[Stored dataset items]
*-*-*

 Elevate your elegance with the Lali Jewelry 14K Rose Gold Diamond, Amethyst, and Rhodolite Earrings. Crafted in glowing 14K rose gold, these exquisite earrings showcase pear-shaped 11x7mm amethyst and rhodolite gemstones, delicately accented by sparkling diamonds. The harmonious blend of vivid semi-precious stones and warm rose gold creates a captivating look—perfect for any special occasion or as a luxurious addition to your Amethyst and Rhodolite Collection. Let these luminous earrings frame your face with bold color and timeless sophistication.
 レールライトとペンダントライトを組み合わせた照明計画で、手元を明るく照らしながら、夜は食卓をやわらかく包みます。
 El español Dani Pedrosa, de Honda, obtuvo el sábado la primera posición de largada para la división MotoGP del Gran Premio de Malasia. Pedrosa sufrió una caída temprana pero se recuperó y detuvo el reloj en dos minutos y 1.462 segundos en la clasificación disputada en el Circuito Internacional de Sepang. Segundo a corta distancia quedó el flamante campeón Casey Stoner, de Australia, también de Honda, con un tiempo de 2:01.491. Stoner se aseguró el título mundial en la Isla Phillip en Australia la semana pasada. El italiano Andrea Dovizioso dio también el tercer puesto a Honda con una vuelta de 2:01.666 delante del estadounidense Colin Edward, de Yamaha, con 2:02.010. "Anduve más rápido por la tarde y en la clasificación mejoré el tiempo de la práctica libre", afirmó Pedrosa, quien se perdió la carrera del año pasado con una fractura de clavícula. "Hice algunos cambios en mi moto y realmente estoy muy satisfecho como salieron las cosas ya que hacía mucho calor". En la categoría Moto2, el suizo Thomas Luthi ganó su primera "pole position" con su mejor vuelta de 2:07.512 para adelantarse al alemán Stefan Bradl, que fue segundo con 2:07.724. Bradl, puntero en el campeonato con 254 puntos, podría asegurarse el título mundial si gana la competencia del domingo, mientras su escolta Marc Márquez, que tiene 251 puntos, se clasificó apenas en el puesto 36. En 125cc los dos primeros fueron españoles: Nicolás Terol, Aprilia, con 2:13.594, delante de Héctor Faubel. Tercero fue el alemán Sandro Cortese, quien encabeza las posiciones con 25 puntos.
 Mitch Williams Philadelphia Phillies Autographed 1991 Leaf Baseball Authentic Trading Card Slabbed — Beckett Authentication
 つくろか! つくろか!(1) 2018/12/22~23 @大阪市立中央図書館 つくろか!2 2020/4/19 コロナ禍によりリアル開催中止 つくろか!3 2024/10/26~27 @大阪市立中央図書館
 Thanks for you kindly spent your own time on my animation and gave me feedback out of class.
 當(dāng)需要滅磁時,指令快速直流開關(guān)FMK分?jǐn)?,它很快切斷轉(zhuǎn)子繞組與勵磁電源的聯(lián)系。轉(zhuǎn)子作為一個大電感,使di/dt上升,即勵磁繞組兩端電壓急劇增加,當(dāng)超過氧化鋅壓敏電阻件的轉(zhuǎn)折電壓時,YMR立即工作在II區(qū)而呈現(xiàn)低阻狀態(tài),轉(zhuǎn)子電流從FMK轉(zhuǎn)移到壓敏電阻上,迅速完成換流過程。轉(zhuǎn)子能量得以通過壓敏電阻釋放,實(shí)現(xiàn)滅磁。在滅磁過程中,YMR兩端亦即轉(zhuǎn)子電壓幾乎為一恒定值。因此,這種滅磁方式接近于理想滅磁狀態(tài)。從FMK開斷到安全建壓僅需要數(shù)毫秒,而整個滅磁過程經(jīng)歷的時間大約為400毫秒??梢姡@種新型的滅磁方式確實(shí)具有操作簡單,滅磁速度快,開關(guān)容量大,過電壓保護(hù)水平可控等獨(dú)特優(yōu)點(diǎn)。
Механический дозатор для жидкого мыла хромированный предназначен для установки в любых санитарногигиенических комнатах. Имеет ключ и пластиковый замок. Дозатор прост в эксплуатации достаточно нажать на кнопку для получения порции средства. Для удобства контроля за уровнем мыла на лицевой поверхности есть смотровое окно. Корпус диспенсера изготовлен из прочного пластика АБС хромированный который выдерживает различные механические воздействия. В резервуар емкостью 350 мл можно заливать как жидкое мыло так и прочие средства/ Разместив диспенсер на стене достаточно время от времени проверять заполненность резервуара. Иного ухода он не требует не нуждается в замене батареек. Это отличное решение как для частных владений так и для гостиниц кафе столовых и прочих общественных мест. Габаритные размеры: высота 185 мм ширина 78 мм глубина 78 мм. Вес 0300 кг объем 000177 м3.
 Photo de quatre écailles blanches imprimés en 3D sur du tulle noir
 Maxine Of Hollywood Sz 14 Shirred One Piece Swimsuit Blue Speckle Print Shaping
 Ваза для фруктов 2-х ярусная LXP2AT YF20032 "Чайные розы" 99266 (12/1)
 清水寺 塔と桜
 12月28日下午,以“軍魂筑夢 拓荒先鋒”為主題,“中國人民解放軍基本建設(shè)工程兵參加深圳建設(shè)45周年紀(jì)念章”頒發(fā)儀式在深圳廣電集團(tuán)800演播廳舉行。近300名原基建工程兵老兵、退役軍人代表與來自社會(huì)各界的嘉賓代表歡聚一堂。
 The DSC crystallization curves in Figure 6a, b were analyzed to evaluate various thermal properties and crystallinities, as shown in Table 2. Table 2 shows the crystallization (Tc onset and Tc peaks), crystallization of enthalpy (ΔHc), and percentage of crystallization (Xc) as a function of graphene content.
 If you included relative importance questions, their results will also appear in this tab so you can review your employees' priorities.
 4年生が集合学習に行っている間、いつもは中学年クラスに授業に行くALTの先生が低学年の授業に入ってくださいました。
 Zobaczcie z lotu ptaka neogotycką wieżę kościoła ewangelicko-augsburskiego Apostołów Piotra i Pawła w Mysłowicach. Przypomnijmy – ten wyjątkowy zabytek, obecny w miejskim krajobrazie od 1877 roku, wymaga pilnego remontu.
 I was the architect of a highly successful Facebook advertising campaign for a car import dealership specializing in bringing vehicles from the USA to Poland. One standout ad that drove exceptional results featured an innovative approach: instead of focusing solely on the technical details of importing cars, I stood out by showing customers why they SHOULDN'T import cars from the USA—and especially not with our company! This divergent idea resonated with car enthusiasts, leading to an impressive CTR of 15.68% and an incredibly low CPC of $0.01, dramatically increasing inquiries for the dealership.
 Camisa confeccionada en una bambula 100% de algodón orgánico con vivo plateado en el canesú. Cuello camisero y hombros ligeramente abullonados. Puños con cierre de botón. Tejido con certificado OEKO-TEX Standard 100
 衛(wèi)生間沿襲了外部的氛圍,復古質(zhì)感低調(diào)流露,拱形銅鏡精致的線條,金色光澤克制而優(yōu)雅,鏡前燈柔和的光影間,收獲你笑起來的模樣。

*-*-*

— Instructions for the task —
All entries above should be duplicated exactly, none omitted.

— Response —
 Elevate your elegance with the Lali Jewelry 14K Rose Gold Diamond, Amethyst, and Rhodolite Earrings. Crafted in glowing 14K rose gold, these exquisite earrings showcase pear-shaped 11x7mm amethyst and rhodolite gemstones, delicately accented by sparkling diamonds. The harmonious blend of vivid semi-precious stones and warm rose gold creates a captivating look—perfect for any special occasion or as a luxurious addition to your Amethyst and Rhodolite Collection. Let these luminous earrings frame your face with bold color and timeless sophistication.
 レールライトとペンダントライトを組み合わせた照明計画で、手元を明るく照らしながら、夜は食卓をやわらかく包みます。
 El español Dani Pedrosa, de Honda, obtuvo el sábado la primera posición de largada para la división MotoGP del Gran Premio de Malasia. Pedrosa sufrió una caída temprana pero se recuperó y detuvo el reloj en dos minutos y 1.462 segundos en la clasificación disputada en el Circuito Internacional de Sepang. Segundo a corta distancia quedó el flamante campeón Casey Stoner, de Australia, también de Honda, con un tiempo de 2:01.491. Stoner se aseguró el título mundial en la Isla Phillip en Australia la semana pasada. El italiano Andrea Dovizioso dio también el tercer puesto a Honda con una vuelta de 2:01.666 delante del estadounidense Colin Edward, de Yamaha, con 2:02.010. "Anduve más rápido por la tarde y en la clasificación mejoré el tiempo de la práctica libre", afirmó Pedrosa, quien se perdió la carrera del año pasado con una fractura de clavícula. "Hice algunos cambios en mi moto y realmente estoy muy satisfecho como salieron las cosas ya que hacía mucho calor". En la categoría Moto2, el suizo Thomas Luthi ganó su primera "pole position" con su mejor vuelta de 2:07.512 para adelantarse al alemán Stefan Bradl, que fue segundo con 2:07.724. Bradl, puntero en el campeonato con 254 puntos, podría asegurarse el título mundial si gana la competencia del domingo, mientras su escolta Marc Márquez, que tiene 251 puntos, se clasificó apenas en el puesto 36. En 125cc los dos primeros fueron españoles: Nicolás Terol, Aprilia, con 2:13.594, delante de Héctor Faubel. Tercero fue el alemán Sandro Cortese, quien encabeza las posiciones con 25 puntos.
 Mitch Williams Philadelphia Phillies Autographed 1991 Leaf Baseball Authentic Trading Card Slabbed — Beckett Authentication
 つくろか! つくろか!(1) 2018/12/22~23 @大阪市立中央図書館 つくろか!2 2020/4/19 コロナ禍によりリアル開催中止 つくろか!3 2024/10/26~27 @大阪市立中央図書館
 Thanks for you kindly spent your own time on my animation and gave me feedback out of class.
 當(dāng)需要滅磁時,指令快速直流開關(guān)FMK分?jǐn)?,它很快切斷轉(zhuǎn)子繞組與勵磁電源的聯(lián)系。轉(zhuǎn)子作為一個大電感,使di/dt上升,即勵磁繞組兩端電壓急劇增加,當(dāng)超過氧化鋅壓敏電阻件的轉(zhuǎn)折電壓時,YMR立即工作在II區(qū)而呈現(xiàn)低阻狀態(tài),轉(zhuǎn)子電流從FMK轉(zhuǎn)移到壓敏電阻上,迅速完成換流過程。轉(zhuǎn)子能量得以通過壓敏電阻釋放,實(shí)現(xiàn)滅磁。在滅磁過程中,YMR兩端亦即轉(zhuǎn)子電壓幾乎為一恒定值。因此,這種滅磁方式接近于理想滅磁狀態(tài)。從FMK開斷到安全建壓僅需要數(shù)毫秒,而整個滅磁過程經(jīng)歷的時間大約為400毫秒??梢姡@種新型的滅磁方式確實(shí)具有操作簡單,滅磁速度快,開關(guān)容量大,過電壓保護(hù)水平可控等獨(dú)特優(yōu)點(diǎn)。
Механический дозатор для жидкого мыла хромированный предназначен для установки в любых санитарногигиенических комнатах. Имеет ключ и пластиковый замок. Дозатор прост в эксплуатации достаточно нажать на кнопку для получения порции средства. Для удобства контроля за уровнем мыла на лицевой поверхности есть смотровое окно. Корпус диспенсера изготовлен из прочного пластика АБС хромированный который выдерживает различные механические воздействия. В резервуар емкостью 350 мл можно заливать как жидкое мыло так и прочие средства/ Разместив диспенсер на стене достаточно время от времени проверять заполненность резервуара. Иного ухода он не требует не нуждается в замене батареек. Это отличное решение как для частных владений так и для гостиниц кафе столовых и прочих общественных мест. Габаритные размеры: высота 185 мм ширина 78 мм глубина 78 мм. Вес 0300 кг объем 000177 м3.
 Photo de quatre écailles blanches imprimés en 3D sur du tulle noir
 Maxine Of Hollywood Sz 14 Shirred One Piece Swimsuit Blue Speckle Print Shaping
 Ваза для фруктов 2-х ярусная LXP2AT YF20032 "Чайные розы" 99266 (12/1)
 清水寺 塔と桜
 12月28日下午,以“軍魂筑夢 拓荒先鋒”為主題,“中國人民解放軍基本建設(shè)工程兵參加深圳建設(shè)45周年紀(jì)念章”頒發(fā)儀式在深圳廣電集團(tuán)800演播廳舉行。近300名原基建工程兵老兵、退役軍人代表與來自社會(huì)各界的嘉賓代表歡聚一堂。
 The DSC crystallization curves in Figure 6a, b were analyzed to evaluate various thermal properties and crystallinities, as shown in Table 2. Table 2 shows the crystallization (Tc onset and Tc peaks), crystallization of enthalpy (ΔHc), and percentage of crystallization (Xc) as a function of graphene content.
 If you included relative importance questions, their results will also appear in this tab so you can review your employees' priorities.
 4年生が集合学習に行っている間、いつもは中学年クラスに授業に行くALTの先生が低学年の授業に入ってくださいました。
 Zobaczcie z lotu ptaka neogotycką wieżę kościoła ewangelicko-augsburskiego Apostołów Piotra i Pawła w Mysłowicach. Przypomnijmy – ten wyjątkowy zabytek, obecny w miejskim krajobrazie od 1877 roku, wymaga pilnego remontu.
 I was the architect of a highly successful Facebook advertising campaign for a car import dealership specializing in bringing vehicles from the USA to Poland. One standout ad that drove exceptional results featured an innovative approach: instead of focusing solely on the technical details of importing cars, I stood out by showing customers why they SHOULDN'T import cars from the USA—and especially not with our company! This divergent idea resonated with car enthusiasts, leading to an impressive CTR of 15.68% and an incredibly low CPC of $0.01, dramatically increasing inquiries for the dealership.
 Camisa confeccionada en una bambula 100% de algodón orgánico con vivo plateado en el canesú. Cuello camisero y hombros ligeramente abullonados. Puños con cierre de botón. Tejido con certificado OEKO-TEX Standard 100
 衛(wèi)生間沿襲了外部的氛圍,復古質(zhì)感低調(diào)流露,拱形銅鏡精致的線條,金色光澤克制而優(yōu)雅,鏡前燈柔和的光影間,收獲你笑起來的模樣。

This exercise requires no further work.